WHAT TO PRODUCE:
Output exactly, and only, the lines below from the one with "Apple TV’s Severance" down to the one with "The interior is". Include both end lines and no pictures.

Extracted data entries
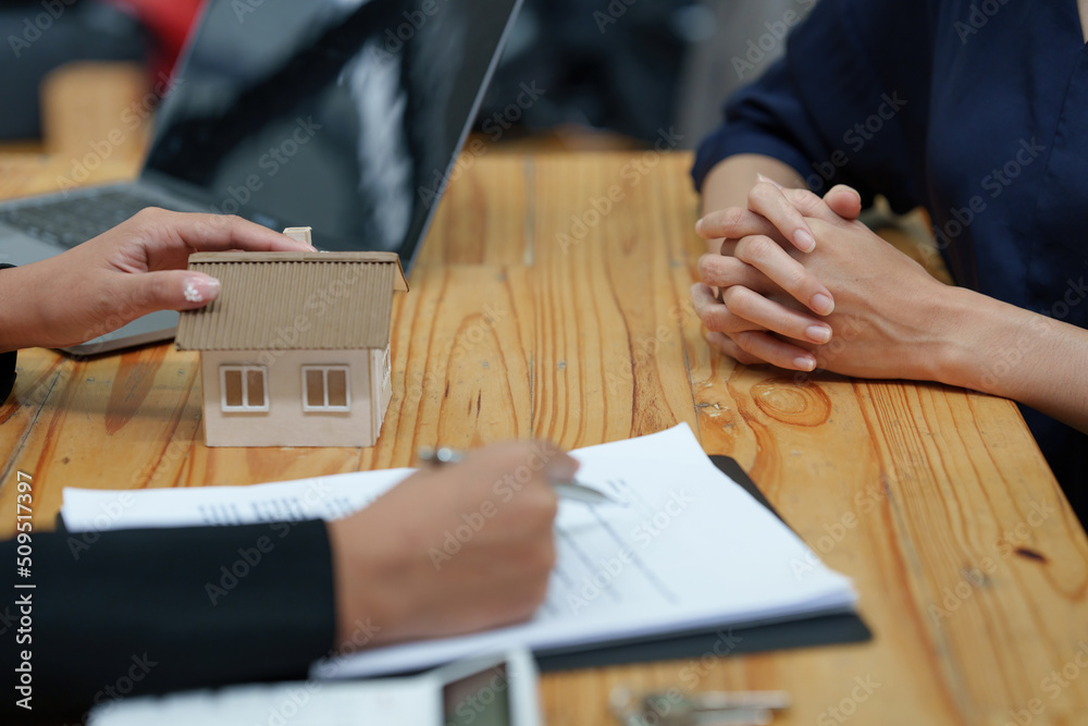 Business woman explain before signing agreement contract for buying house. Bank manager concept.
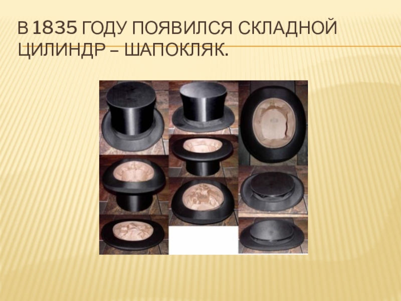 Слайд 13В 1835 году появился складной цилиндр – шапокляк.
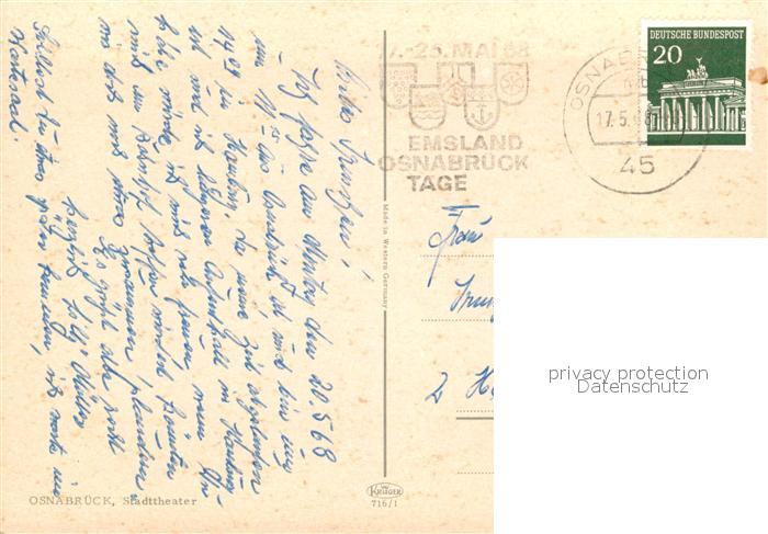 73132186 alte Postkarte Osnabrueck Stadttheater postalisch gelaufen Erhaltung siehe scans [KathaD81] KatCode: 11110003404000
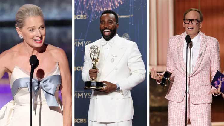 Apple TV’s Severance leads the night with the most nominations, joined by fellow frontrunner The Studio. Among the early winners are Seth Rogen (The Studio), Jean Smart (Hacks), Katherine LaNasa (The Pitt), Tramell Tillman (Severance), and Britt Lower (Severance).
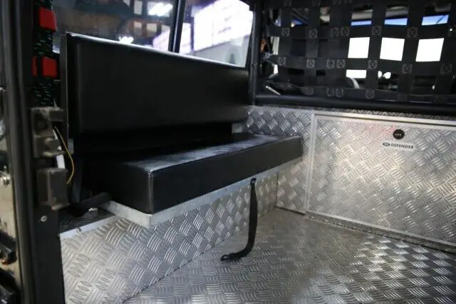 The interior is very nice. The front seats are in excellent condition (see pictures) and the rear compartment does have bench seats and full diamond plating as well.
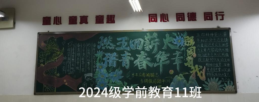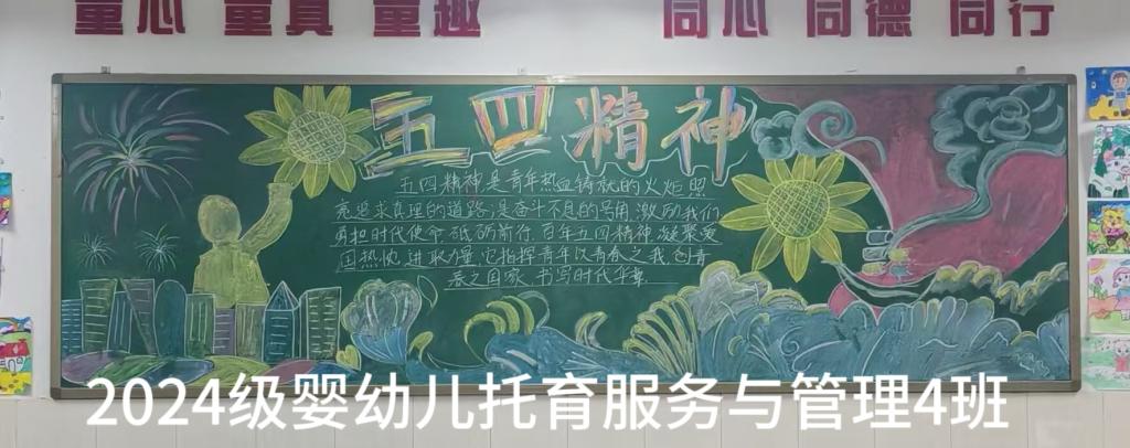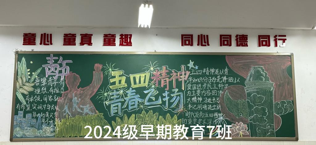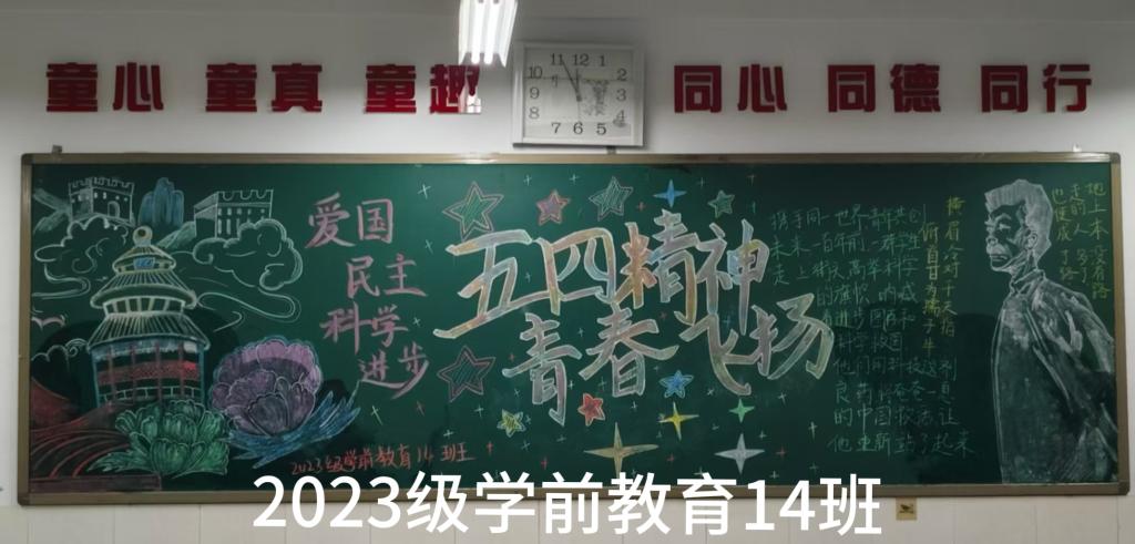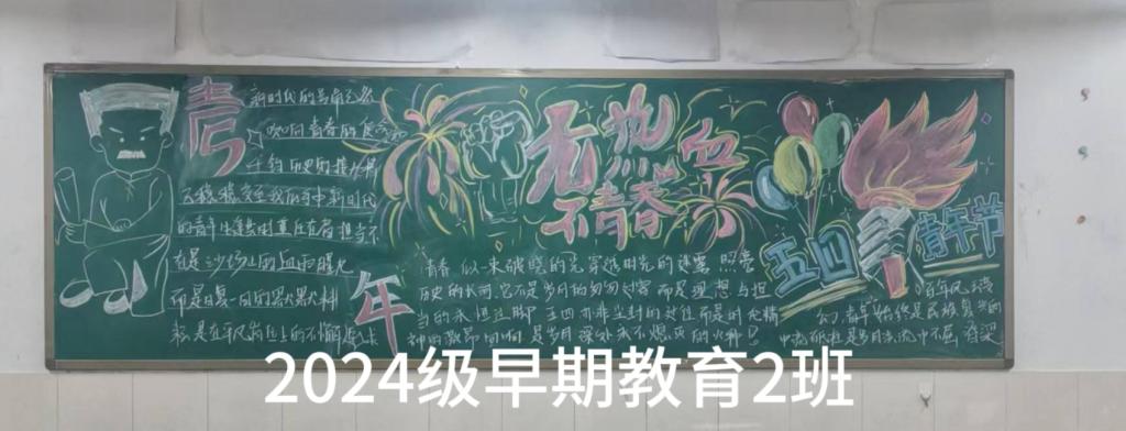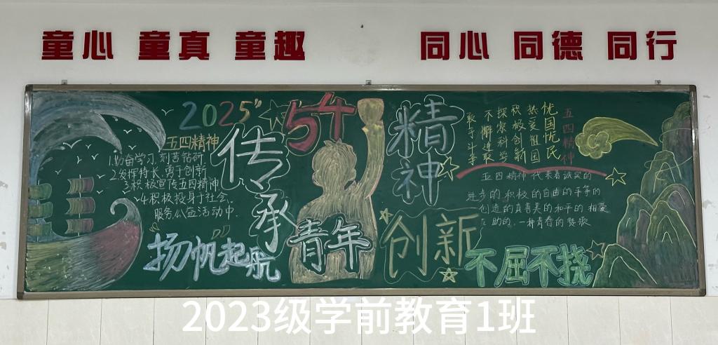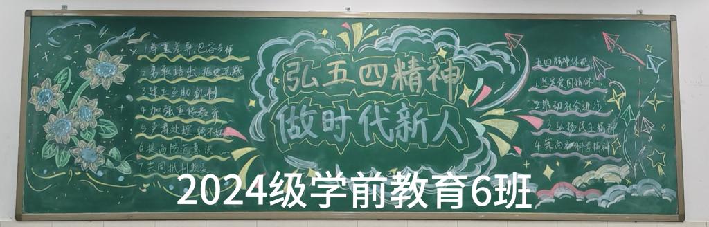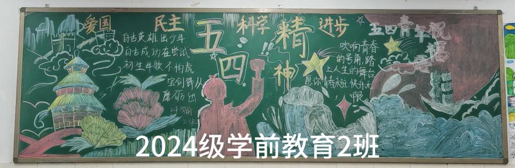 五月鲜花绽放,青春之歌嘹亮。在五四青年节到来之际,为传承“爱国、进步、民主、科学”的五四精神,激励青年学子勇担时代使命,学前教育学院成功举办“五四承宏志,青春启新程”主题黑板报创作活动,同学们以笔为刃,以板为纸,用斑斓色彩勾勒青春理想,用工整文字书写青年使命。

EXERCISE RESPONSE:
 Apple TV’s Severance leads the night with the most nominations, joined by fellow frontrunner The Studio. Among the early winners are Seth Rogen (The Studio), Jean Smart (Hacks), Katherine LaNasa (The Pitt), Tramell Tillman (Severance), and Britt Lower (Severance).
 The interior is very nice. The front seats are in excellent condition (see pictures) and the rear compartment does have bench seats and full diamond plating as well.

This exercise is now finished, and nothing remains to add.